Yes. The Division of Corporations and Commercial Code accepts agent-change filings through the Business Registration System. The filer logs in with a UtahID, selects “File On An Existing Business,” locates the LLC, chooses the change filing type, and enters the new agent’s information. The processing fee is $17, and the change takes effect immediately upon filing. The same system also accepts uploaded paper forms for filers who prefer to complete a PDF offline.
Does a Professional LLC (PLLC) have different registered agent requirements?
No. A domestic professional limited liability company follows exactly the same registered-agent rules as a standard domestic LLC. The professional designation affects who may own and manage the entity—only licensed professionals in the relevant field—but the agent eligibility, address requirements, appointment procedure, and change process are identical. The PLLC files its Certificate of Organization under § 48-3a-201 with additional professional-services information required by § 48-3a-1103, and the filing fee is the same $59.
Can the same individual or service act as registered agent for multiple Utah LLCs?
Yes. Neither the Utah Revised Uniform Limited Liability Company Act nor the Model Registered Agents Act limits the number of entities a single agent may represent. An individual serving as a noncommercial agent may be named on multiple LLC filings. A commercial registered agent, by definition, is in the business of serving multiple entities and files a single Commercial Registered Agent Listing Statement with the Division for $52. When a commercial agent updates its address, the change automatically applies to every entity it represents—no entity-by-entity filing is needed.
What happens if my LLC’s registered agent moves out of Utah?
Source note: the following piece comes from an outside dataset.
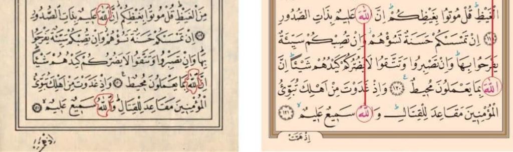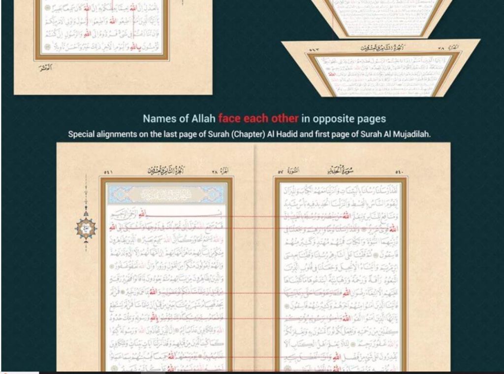 The concept of Tawafuq in the patterns of the Qur’an was first discovered and demonstrated by Bediuzzaman Said Nursi. is defined as the coinciding of occurrences among seemingly disconnected and random events that reveal evident patterns of a higher pre-determined arrangement by the Creator, displaying His deliberate will and intent. It refers to synchronization or miraculous alignment in the Quran. Bediuzzaman realized that words, particularly the name ‘Allah’, were in Tawafuq in his copy of the Qur’an, which was handwritten in the style of Hafiz Osman. He observed that a significant portion of the words “Allah” were aligned miraculously. He came to believe that this Tawafuq was an intended outcome, serving as an embellishment and beautification. This realization led him to decide to have a new copy of the Qur’an handwritten in a style that would visually show this discovered Tawafuq miracle, which he understood existed in the composition of the word “Allah” in the Qur’an. He appointed students to undertake this task, emphasizing that they should not use their own ability to create the Tawafuq, but rather reveal the one that already exists in the Qur’an.

The agent ceases to satisfy the address requirement of § 16-17-202 the moment it no longer maintains a physical street address or rural route box in Utah. The LLC must promptly appoint a new qualified agent by filing a statement of change with the Division. The processing fee is $17, and the change takes effect upon filing. If the LLC fails to act within 60 consecutive days, the Division may begin administrative dissolution proceedings for a domestic LLC under § 48-3a-708 or termination proceedings for a foreign LLC under § 48-3a-910. During any gap in agent coverage, the LLC also becomes vulnerable to fallback service of process on its governors by certified mail.